── SUPPLIED DATA

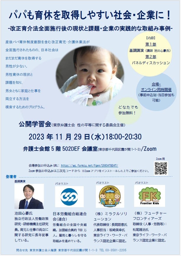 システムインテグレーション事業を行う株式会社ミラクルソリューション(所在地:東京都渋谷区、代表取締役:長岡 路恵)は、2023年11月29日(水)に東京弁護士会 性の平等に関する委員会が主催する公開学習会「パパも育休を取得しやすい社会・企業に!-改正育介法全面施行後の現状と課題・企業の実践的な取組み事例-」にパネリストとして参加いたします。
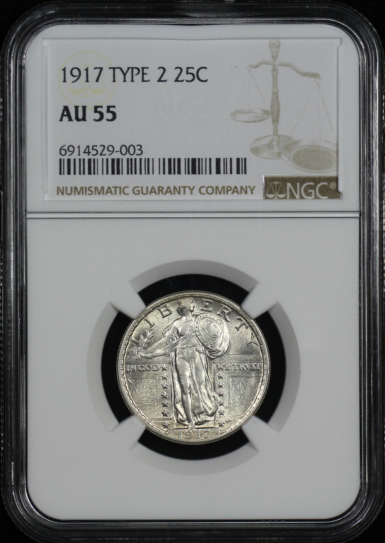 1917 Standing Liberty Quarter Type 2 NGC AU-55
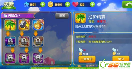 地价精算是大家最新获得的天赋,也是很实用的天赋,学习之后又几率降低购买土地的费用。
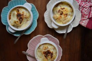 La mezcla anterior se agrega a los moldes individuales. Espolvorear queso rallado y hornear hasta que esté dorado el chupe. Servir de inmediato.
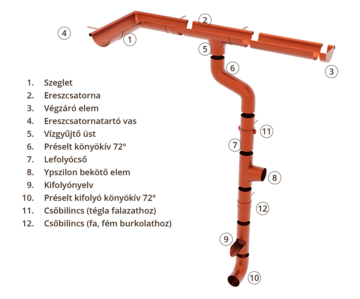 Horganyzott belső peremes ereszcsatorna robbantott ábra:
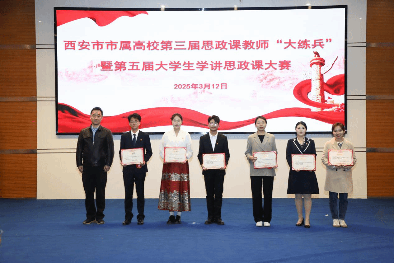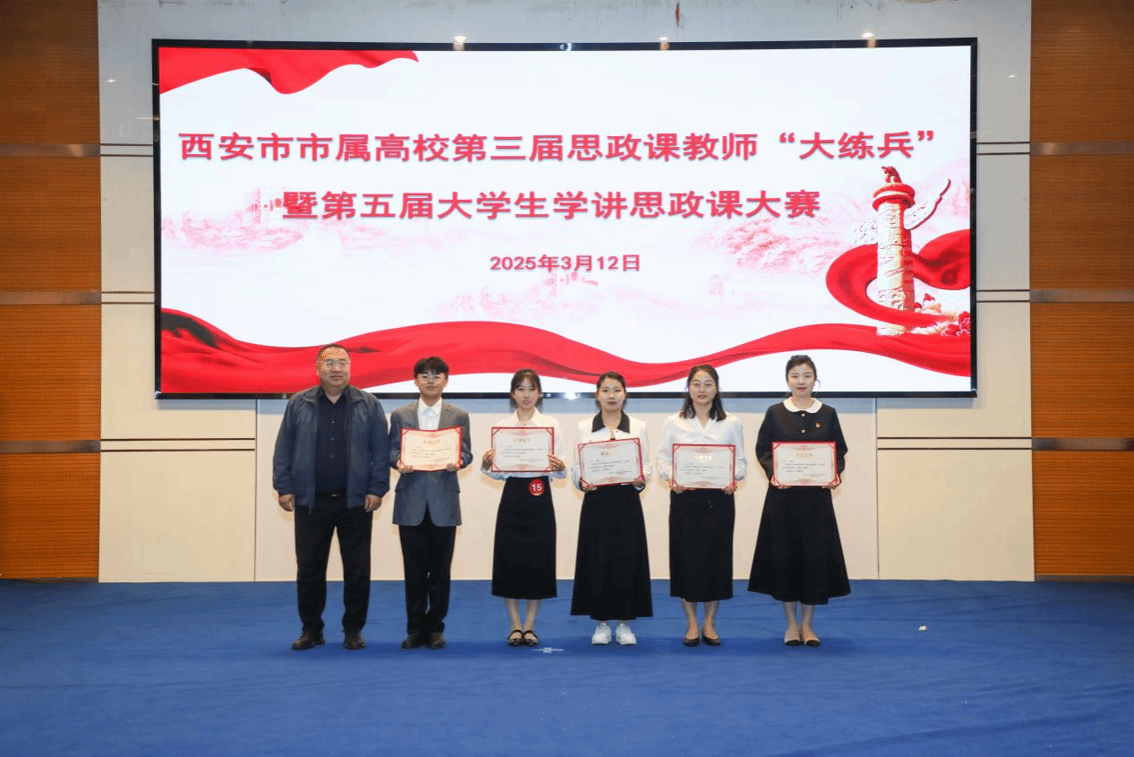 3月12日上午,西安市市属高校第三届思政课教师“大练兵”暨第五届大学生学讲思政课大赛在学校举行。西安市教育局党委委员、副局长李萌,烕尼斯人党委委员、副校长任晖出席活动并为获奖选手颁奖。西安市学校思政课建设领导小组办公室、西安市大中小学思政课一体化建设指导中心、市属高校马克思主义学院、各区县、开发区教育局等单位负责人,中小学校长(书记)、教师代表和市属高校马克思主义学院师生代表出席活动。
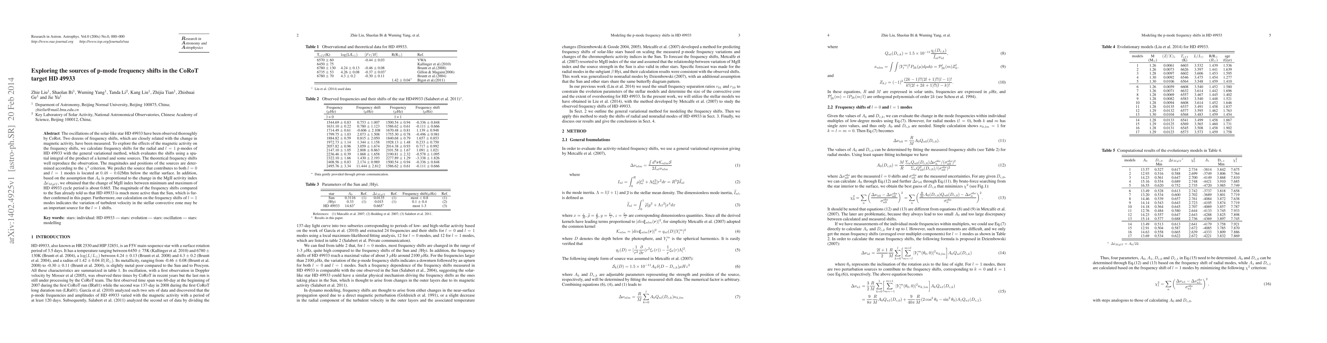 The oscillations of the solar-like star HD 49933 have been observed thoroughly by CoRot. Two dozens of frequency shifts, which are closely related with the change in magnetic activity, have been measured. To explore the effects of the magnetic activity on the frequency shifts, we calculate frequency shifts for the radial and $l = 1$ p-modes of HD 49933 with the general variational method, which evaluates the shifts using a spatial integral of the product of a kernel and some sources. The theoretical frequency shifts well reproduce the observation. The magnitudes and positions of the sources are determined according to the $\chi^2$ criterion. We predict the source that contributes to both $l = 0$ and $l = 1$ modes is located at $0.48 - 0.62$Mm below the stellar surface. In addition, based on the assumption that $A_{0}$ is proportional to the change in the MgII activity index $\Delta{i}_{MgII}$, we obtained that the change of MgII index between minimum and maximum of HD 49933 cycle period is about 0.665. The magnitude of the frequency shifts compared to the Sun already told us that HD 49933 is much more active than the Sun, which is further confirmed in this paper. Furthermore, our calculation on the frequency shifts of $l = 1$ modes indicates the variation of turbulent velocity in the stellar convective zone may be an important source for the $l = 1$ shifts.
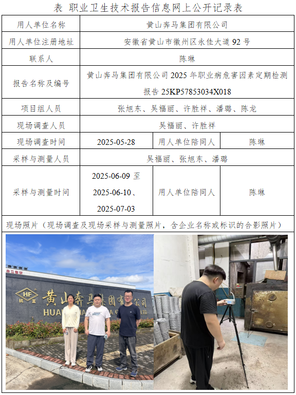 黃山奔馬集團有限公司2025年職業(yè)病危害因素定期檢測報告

────

_TO DO_
An exact copy of every entry above is required, without the pictures.

_OUTPUT FOR THIS EXERCISE_
 システムインテグレーション事業を行う株式会社ミラクルソリューション(所在地:東京都渋谷区、代表取締役:長岡 路恵)は、2023年11月29日(水)に東京弁護士会 性の平等に関する委員会が主催する公開学習会「パパも育休を取得しやすい社会・企業に!-改正育介法全面施行後の現状と課題・企業の実践的な取組み事例-」にパネリストとして参加いたします。
 1917 Standing Liberty Quarter Type 2 NGC AU-55
 地价精算是大家最新获得的天赋,也是很实用的天赋,学习之后又几率降低购买土地的费用。
 La mezcla anterior se agrega a los moldes individuales. Espolvorear queso rallado y hornear hasta que esté dorado el chupe. Servir de inmediato.
 Horganyzott belső peremes ereszcsatorna robbantott ábra:
 3月12日上午,西安市市属高校第三届思政课教师“大练兵”暨第五届大学生学讲思政课大赛在学校举行。西安市教育局党委委员、副局长李萌,烕尼斯人党委委员、副校长任晖出席活动并为获奖选手颁奖。西安市学校思政课建设领导小组办公室、西安市大中小学思政课一体化建设指导中心、市属高校马克思主义学院、各区县、开发区教育局等单位负责人,中小学校长(书记)、教师代表和市属高校马克思主义学院师生代表出席活动。
 The oscillations of the solar-like star HD 49933 have been observed thoroughly by CoRot. Two dozens of frequency shifts, which are closely related with the change in magnetic activity, have been measured. To explore the effects of the magnetic activity on the frequency shifts, we calculate frequency shifts for the radial and $l = 1$ p-modes of HD 49933 with the general variational method, which evaluates the shifts using a spatial integral of the product of a kernel and some sources. The theoretical frequency shifts well reproduce the observation. The magnitudes and positions of the sources are determined according to the $\chi^2$ criterion. We predict the source that contributes to both $l = 0$ and $l = 1$ modes is located at $0.48 - 0.62$Mm below the stellar surface. In addition, based on the assumption that $A_{0}$ is proportional to the change in the MgII activity index $\Delta{i}_{MgII}$, we obtained that the change of MgII index between minimum and maximum of HD 49933 cycle period is about 0.665. The magnitude of the frequency shifts compared to the Sun already told us that HD 49933 is much more active than the Sun, which is further confirmed in this paper. Furthermore, our calculation on the frequency shifts of $l = 1$ modes indicates the variation of turbulent velocity in the stellar convective zone may be an important source for the $l = 1$ shifts.
 黃山奔馬集團有限公司2025年職業(yè)病危害因素定期檢測報告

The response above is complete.